SaitTalhaNisanci commented 6 years ago

@eozd I thought maybe popular items could also be considered similar.

eozd commented 6 years ago

@SaitTalhaNisanci We can use that kind of similarity in another model. If we mix content-based similarity with popularity-based similarity, our content-based similarity results may become really nonintuitive.

For example, if we would like to change our recommendations according to popularity (recommend popular items, or non-popular items), we can filter the results of the content-based model with popularity-based model. What do you think?

SaitTalhaNisanci commented 6 years ago

@eozd Yeah, that is true. I just thought lets say we have 4 items, A B C D. Lets assume that all of their features are different.Lets also A and B have the same popularity and let C and D have different popularity. In this case it sounds better to say that A and B are similar items in some sense compared to the similarity of C and D.

eozd commented 6 years ago

We may use creation-time for item popularity, i.e. items may loose popularity as they get older. One good example is reddit algorithm.

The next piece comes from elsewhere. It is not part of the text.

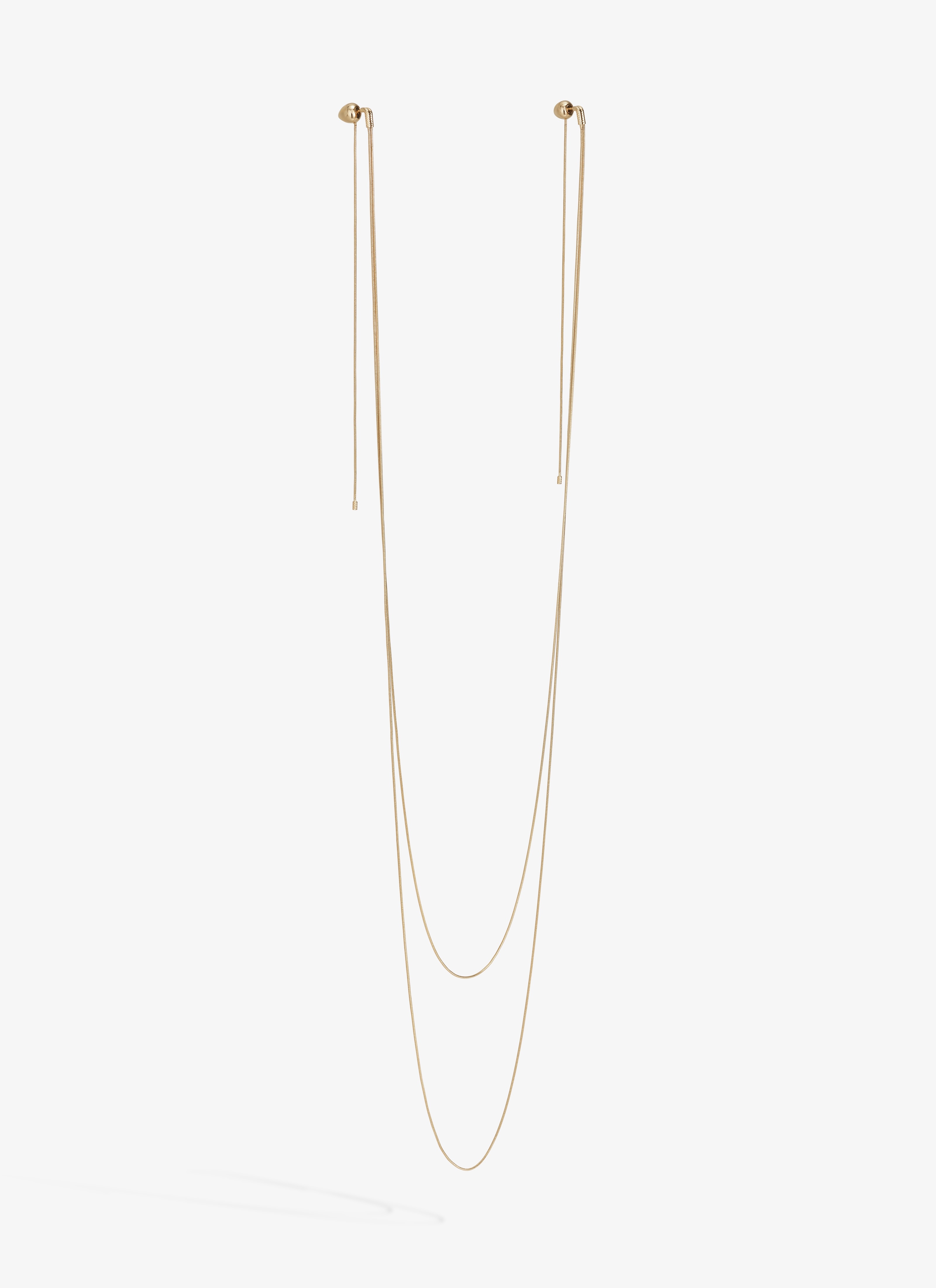 Earrings made from two chains going around the neck from ear to ear into a necklace Brass with gold finish Largest chain length : 53 cm Earring clasp length : 17 cm Made in Italy DETAILS MAIN MATERIAL: 100% BRASS PRODUCT REFERENCE: AA2B144LA006 - 231

We can change constants in this function, and define new variables to represent item popularity; because, items loose popularity in reddit in one, or at most two days, whereas we may want to keep popular items popular for a week, or so.

For rating sorting, see this blog post.

eozd commented 6 years ago

We may apply NLP algortihms to title, in addition to description to extract important words from an item, which will later be used as hidden tags.

eozd commented 6 years ago

We may incorporate negative bias towards items without good content. For example, if an items doesn't have a description, or any images, we may decrease its score by a set amount. This would make our popularity sorting algorithm biased towards more complete items.